How To Start Planning Your Digital Legacy

Today, the typical internet user spends almost 7 hours a day online - more than 40% of their waking life. Or in other words, the internet has become a ubiquitous part of our daily lives. It's how we shop, pay bills, and connect with friends and loved ones.

No one likes to think about what would happen if we become incapacitated or pass away, but we still plan for those events. However, few people stop to think about what happens to their digital footprint once they no longer have the means to control it.

To quote The Social Network, a 2010 movie about the founding of Facebook, "The Internet's not written in pencil... it's written in ink." So, when we stop using the internet for the final time, we leave behind a permanent record of who we were through personal data, photos, memories, posts, and social media accounts.

Unfortunately, while your digital footprint stays put, it's not always accessible to the people you trust. Privacy laws and lack of a paper trail often make our digital lives one of the most challenging aspects for our loved ones to manage.

But there is a solution. Having a digital legacy plan in place can go a long way to alleviating this issue for our families.

What Is a Digital Legacy Plan?

Before the internet, we would keep our important documents and favorite memories as physical objects. We'd have scrapbooks, photo albums, letters, document binders, postcards, and certificates of ownership. This meant that if we passed away, our loved ones simply had to find where we stashed these items. However, today, many of these items are stored online and locked behind secure accounts, making them far less accessible to the people we trust.

A digital legacy plan is essentially a digital 'will' or a set of instructions that detail what should happen to your digital assets and digital presence if you pass away. This can include an inventory of your online accounts as well as your wishes for those accounts. For example, you might want your Facebook account memorialized, or you may want it closed.

Digital Assets vs. Digital Presence

When creating your digital legacy plan, you must think about both your digital assets and your digital presence. So, what's the difference between the two?

Digital assets are digital items you have purchased or consumed during your time online, including movies, music, podcasts, games, and books. It can also include things like websites, blogs, domain names, and access credentials to platforms like PayPal and Amazon or financial and utilities accounts. Companies have varying rules about ownership and how ownership can be passed on, so you must familiarize yourself with these rights when you detail what should be done with your assets.

By contrast, your digital presence is your online identity. It's all the social media activity, messages, photos, videos, and emails that make you, you. Unlike digital assets, digital presence can be deeply personal and often carry a lot of sentimental value to your loved ones. Therefore, you may want to ensure that your friends and family members can access elements of your online presence so that precious memories aren't lost.

Creating a Digital Legacy Plan

Many websites today have processes to help manage your digital legacy. For example, some social media platforms allow loved ones to memorialize an account or shut it down. When a Facebook account is memorialized, it looks much the same as other pages but has the word "Remembering" in front of the person's name. You can start this process by nominating a legacy contact in your settings. Some people will also be relieved to learn that this feature keeps your messages private but allows other aspects of your account to be open.

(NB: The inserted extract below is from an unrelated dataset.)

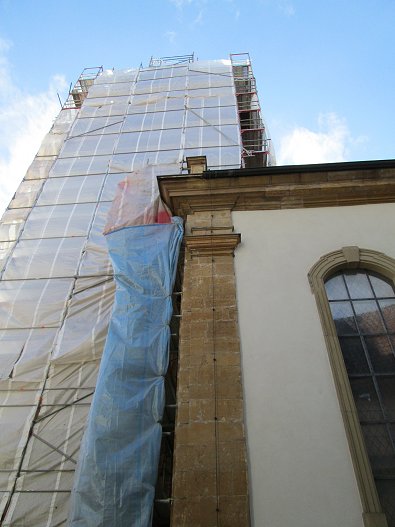 Im Vorfeld wurden vom Glockenturm, sowie von der Langhaus-Ostfassade durch

Other social media platforms have different rules. For example, Twitter doesn't allow you to control another person's account after their death but will allow you to close it down.

Critically, if you want your loved ones to be able to access your social accounts, they will need to provide certain information like your name, proof of death, and evidence of their relationship to you. So, you should make sure your nominated contact knows this in advance.

In 2021, Apple also released a 'Digital Legacy" feature that allows you to nominate a person who can access your accounts and data after you pass.

For your digital assets, it's a good idea to create a list of as many as you can think of. And you'll also want to create a list of any access codes, usernames, and passwords your family members will need to access those assets.

Lastly, you should review your digital legacy plan periodically. For example, you might find that some digital assets become obsolete over time or that your trusted legacy contacts change as your relationships evolve.

Why It's Important To Have a Digital Legacy Plan

Digital legacy plans are really about streamlining your online estate, so your loved ones experience minimal friction after you pass. Being faced with roadblocks at a time of emotional turmoil adds unnecessary stress, and digital legacy plans help alleviate this.

This friction can take many forms. For example, your family might share a Microsoft, Google, Apple, or Amazon account for some things. You might have many mobile devices on a family plan. The utility accounts for your house might be in your name. These are all things your family will need access to and, in many cases, immediately. And, of course, they might want to access precious photos and videos so they can be stored somewhere safe for the future.

Final Thoughts

While planning for your passing might seem morbid, it's something humans have been doing for millennia. Most people ensure their loved ones know how to handle houses, cars, finances, and other important possessions via a will. A digital legacy plan is simply an extension of this. It's a way of recognizing that much of our identity and assets have shifted into the cloud. And in an increasingly online world, our loved ones need a little extra help navigating our wishes.